▶ [Exercise]
Your copy should begin at the line containing "Beautiful and spacious" and end at the last line of the records; transcribe those lines exactly and leave out every picture.
(Information provided begins)
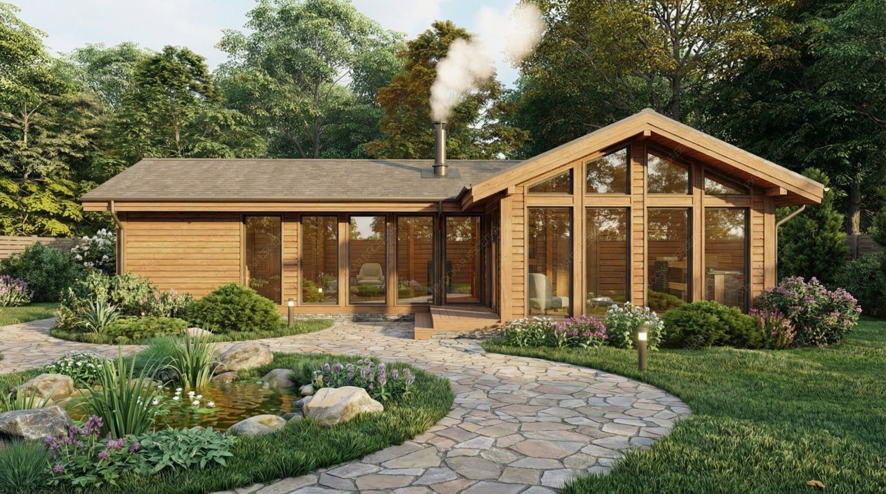 Двухскатная крыша придает строению солидный, завершенный облик и обеспечивает надежную защиту от осадков. Каркасная технология гарантирует высокую скорость возведения, энергоэффективность и долговечность конструкции. Данный проект ориентирован на создание многофункционального комплекса, где традиционные банные процедуры гармонично сочетаются с возможностями для полноценного загородного отдыха и гостеприимства.
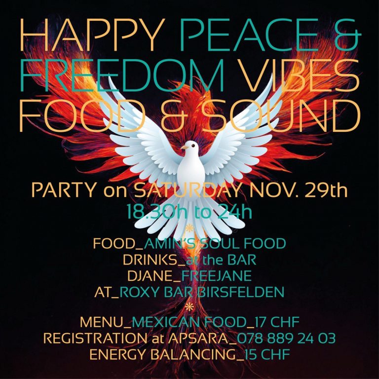HAPPY PEACE & FREEDOM VIBES FOOD & SOUND PARTY on SATURDAY NOV. 29th 18.30h to24h FOOD_AMIN’S SOUL FOOD DRINKS_at the BAR DJANE_FREEJANE AT_ROXY BAR BIRSFELDEN MENU_MEXICAN FOOD_17 CHF REGISTRATION at APSARA 078 889 24 03 ENERGY BALANCING_15 CHF
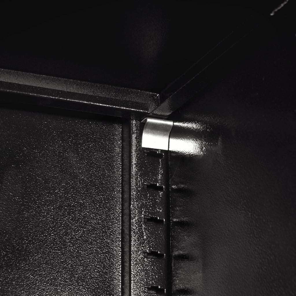Το ντουλάπι αποθήκευσης εργαλείων είναι κατασκευασμένο από χάλυβα υψηλής ποιότητας με μια εξαιρετικά ισχυρή επίστρωση που αντιστέκεται στις γρατζουνιές, καθιστώντας το ιδιαίτερα ανθεκτικό και στιβαρό αλλά και εύκολο στην συντήρηση και το καθάρισμα. Η συναρμολόγηση είναι εύκολη. Αυτή η ντουλάπα εργαλείων μπορεί να χρησιμοποιηθεί με την εργαλειοθήκη μας για αύξηση του αποθηκευτικού χώρου.
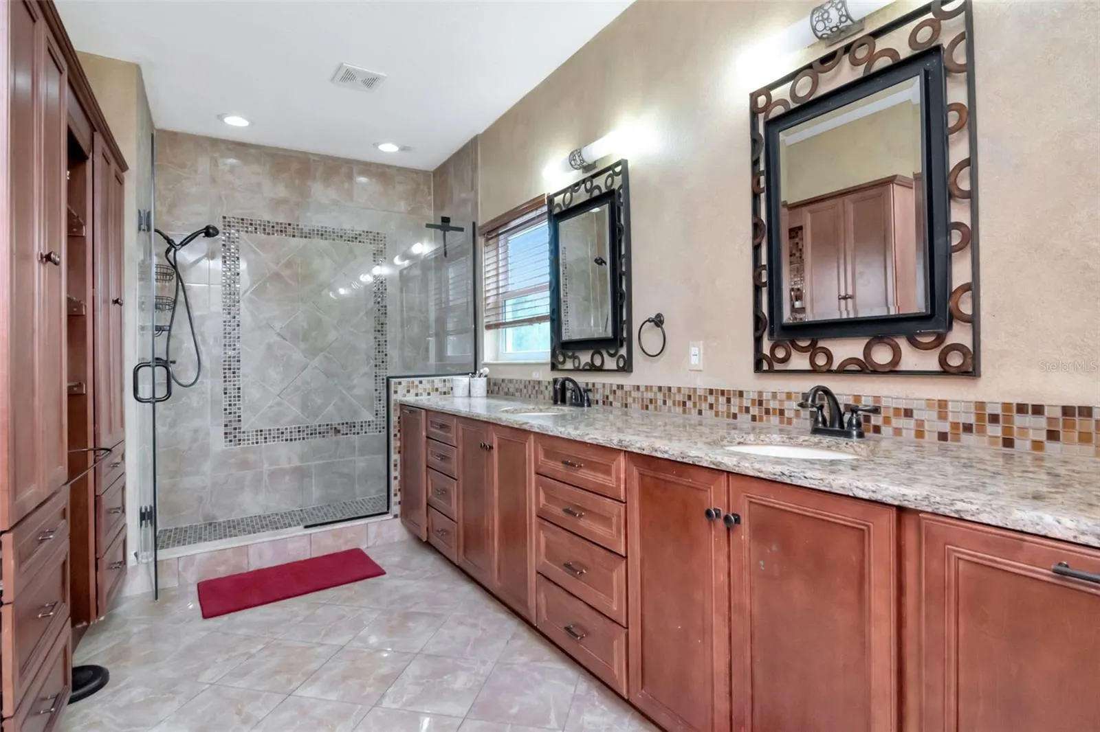 Beautiful and spacious cul-de-sac home on an oversized premium lot with serene pond and conservation views. This property offers extensive upgrades inside and out. The backyard is ideal for entertaining with a custom outdoor kitchen featuring a grill, warming drawer, large burner, refrigerator, and ice maker. Enjoy the screened lanai with pavers, a/c-cooled storage, and a dedicated pool bath.
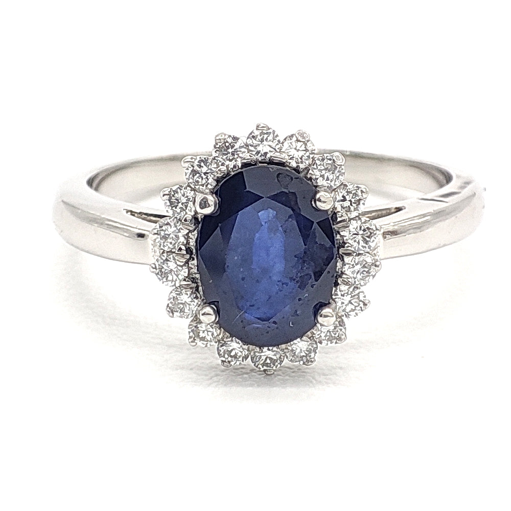 Anillo de compromiso en Platino con Halo de diamantes y Zafiro central.
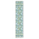 Personalizar este elegante corredor de mesa floral con un patrón de frondas de palma y frangipani sobre un fondo azul cielo con tu nombre familiar. Ideal para la decoración con albornoces de playa.
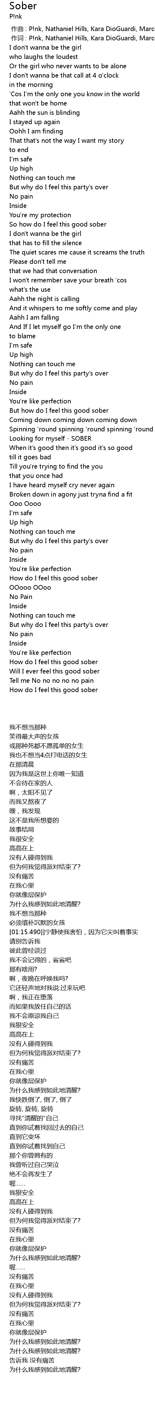 | [00:01.00] | 作词 : P!nk, Nathaniel Hills, Kara DioGuardi, Marcella Araica |
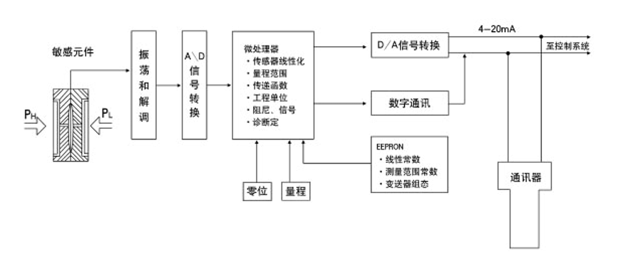 差壓變送器的核心是一個電容式傳感器,稱為“S”室。傳感器是一個完全密封的組件,過程壓力通過隔離膜片和灌充液硅油傳到傳感膜片引起位移。傳感膜片和兩電容極板之間的電容差由電子部件轉換成4~20mADC的二線制輸出的電信號。
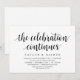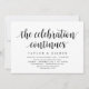 Carte d'invitation sur le thème Moderne Rustique avec écriture noire (avec le titre de la carte : la célébration continue). Elle est parfaite pour votre réception de mariage après une fuite de noces / fête de célébration après le mariage. Ajoutez vos détails avec une police / écriture noire assortie.
(Information provided ends)
▶ [Output of the exercise]
 Beautiful and spacious cul-de-sac home on an oversized premium lot with serene pond and conservation views. This property offers extensive upgrades inside and out. The backyard is ideal for entertaining with a custom outdoor kitchen featuring a grill, warming drawer, large burner, refrigerator, and ice maker. Enjoy the screened lanai with pavers, a/c-cooled storage, and a dedicated pool bath.
 Anillo de compromiso en Platino con Halo de diamantes y Zafiro central.
 Personalizar este elegante corredor de mesa floral con un patrón de frondas de palma y frangipani sobre un fondo azul cielo con tu nombre familiar. Ideal para la decoración con albornoces de playa.
 | [00:01.00] | 作词 : P!nk, Nathaniel Hills, Kara DioGuardi, Marcella Araica |
 差壓變送器的核心是一個電容式傳感器,稱為“S”室。傳感器是一個完全密封的組件,過程壓力通過隔離膜片和灌充液硅油傳到傳感膜片引起位移。傳感膜片和兩電容極板之間的電容差由電子部件轉換成4~20mADC的二線制輸出的電信號。
 Carte d'invitation sur le thème Moderne Rustique avec écriture noire (avec le titre de la carte : la célébration continue). Elle est parfaite pour votre réception de mariage après une fuite de noces / fête de célébration après le mariage. Ajoutez vos détails avec une police / écriture noire assortie.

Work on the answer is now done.